Additionally, it is worth mentioning that some attributes are modeled as a 
\emph{classification}. All these have to be listed
as separate elements in the data model. This has been done for all attributes
that are more or less subject to little or no change. In fact, all known suffix
and prefix morphemes should be known for the language investigated and are
therefore defined as a classification.
The same is true for the parts of speech named \emph{pos} in the morphilo data
model above.
Here the PENN-Treebank tagset was used. Last, the different morphemic layers in
the standard model named \emph{m} are changed to $m1$ through $m5$. This is the
only change in the standard that could be problematic if the data is to be
processed elsewhere and the change is not documented more explicitly. Yet, this
change was necessary for the MyCoRe repository throws errors caused by ambiguity 
issues on the different $m$-layers.

The second data model describes only very few properties of the text corpora
from which the words are extracted. Listing \ref{lst:corpusdatamodel} depicts
only the meta data element. For the sake of simplicity of the prototype, this
data model is kept as simple as possible. The obligatory field is the name of
the corpus. Specific dates of the corpus are classified as optional because in
some cases a text cannot be dated reliably. 

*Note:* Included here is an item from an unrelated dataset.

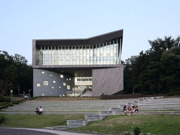 项目坐落于首尔Baehong山麓,四周是户外栈板和小池塘,是瞭望首尔大学校区全景的绝佳地点。为了符合音乐学院要求,礼堂和排练厅设在一层。中庭位于一层中央,从而将山景引入项目中。阶梯中庭通向音乐厅,其弧形墙面有助于游客去往不同楼层。石柱廊的设计参考周边环境常见的橡木元素,游客可以间接地感受置身森林的体验。

\begin{lstlisting}[language=XML,caption={Corpus Data
Model},label=lst:corpusdatamodel] 
<metadata> 
 <!-- Pflichtfelder --> 
 <element name="korpusname" type="text" minOccurs="1" maxOccurs="1"/> 
 <!-- Optionale Felder --> 
 <element name="sprache" type="text" minOccurs="0" maxOccurs="1"/>
 <element name="size" type="number" minOccurs="0" maxOccurs="1"/>
 <element name="datefrom" type="text" minOccurs="0" maxOccurs="1"/>
 <element name="dateuntil" type="text" minOccurs="0" maxOccurs="1"/>
 <!-- number of words -->
 <element name="NoW" type="text" minOccurs="0" maxOccurs="1"/>
 <element name="corpuslink" type="link" minOccurs="0" maxOccurs="unbounded">
  <target type="morphilo"/>
 </element>
</metadata>
\end{lstlisting}

As a final remark, one might have noticed that all attributes are modelled as
strings although other data types are available and fields encoding the dates or
the number of words suggest otherwise. The MyCoRe framework even provides a
data type \emph{historydate}. There is not a very satisfying answer to its
disuse.
All that can be said is that the use of data types different than the string
leads later on to problems in the convergence between the search engine and the
repository framework. These issues seem to be well known and can be followed on
github.